Data items
'''
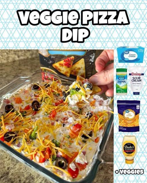 This Veggie Pizza Dip is the ultimate creamy, savory appetizer for any gathering! With a delicious blend of cream cheese, mayo, sour cream, and ranch seasoning, topped with crunchy fresh veggies and melty cheddar, it’s the perfect dip for crackers or tortilla chips. Quick to prepare and always a hit!
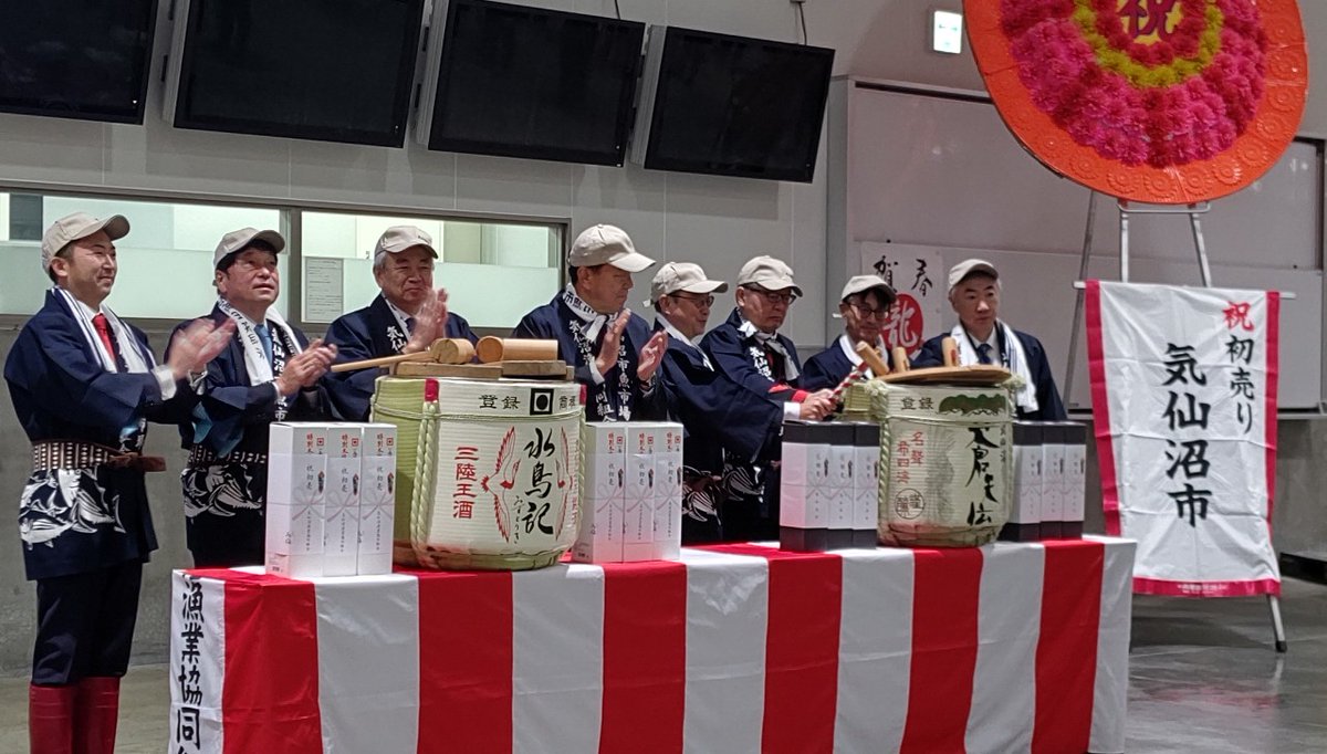 今朝は村井宮城県知事と地元 #気仙沼魚市場 を視察。カツオ、サンマ、カジキマグロ等が水揚げ。ですが、温暖化の影響か漁獲量は少なく、漁業者や市場関係者から不安の声も。その後、子牛市場を視察し上京。先程解散して今は地元に向かう新幹線。車内には与野党の元国会議員多数。まさに呉越同舟です。
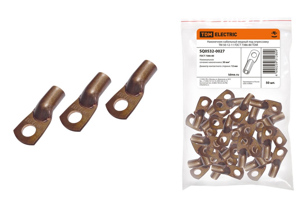 Наконечник кабельный медный под опрессовку ТМ 50-12-11 ГОСТ 7386-80 TDM ELECTRIC SQ0532-0027
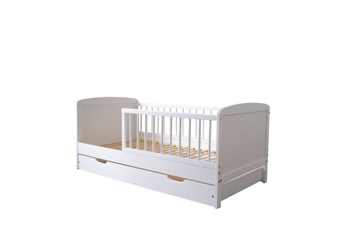 Lit enfant 70x140 cm - Avec sommier et tiroir - Lit enfant évolutif - Barrière de lit amovible - Bois de pin - Blanc
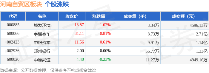 从资金流向上来看,当日河南自贸区板块主力资金净流出2153.53万元,游资资金净流入771.14万元,散户资金净流入1382.39万元。河南自贸区板块个股资金流向见下表:
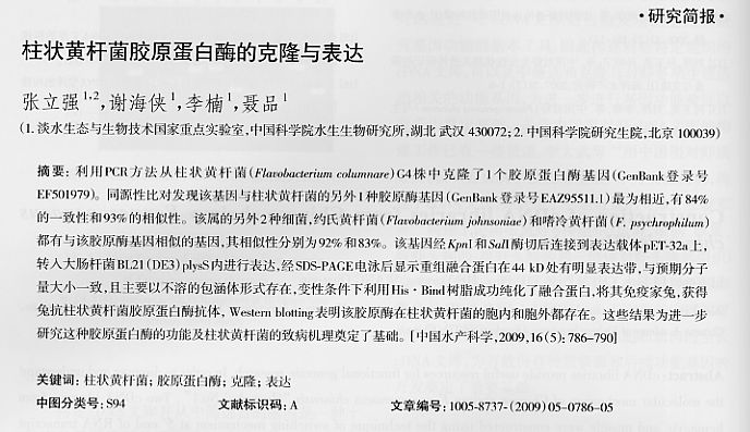 柱狀黃桿菌膠原蛋白酶的克隆與表達
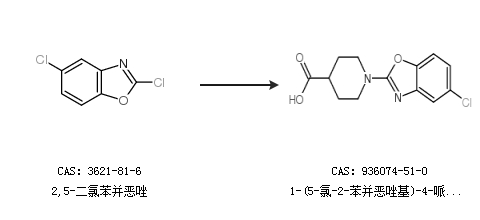 2.通過2,5-二氯苯并惡唑合成1-(5-氯-2-苯并惡唑基)-4-哌啶羧酸
'''
> _DIRECTIONS FOR THIS TASK_:
Going by the data above, the answer is exactly the lines from the one holding "Наконечник кабельный медный" to the one holding "Lit enfant 70x140", both kept, with the pictures left out.

> _TASK ANSWER_:
 Наконечник кабельный медный под опрессовку ТМ 50-12-11 ГОСТ 7386-80 TDM ELECTRIC SQ0532-0027
 Lit enfant 70x140 cm - Avec sommier et tiroir - Lit enfant évolutif - Barrière de lit amovible - Bois de pin - Blanc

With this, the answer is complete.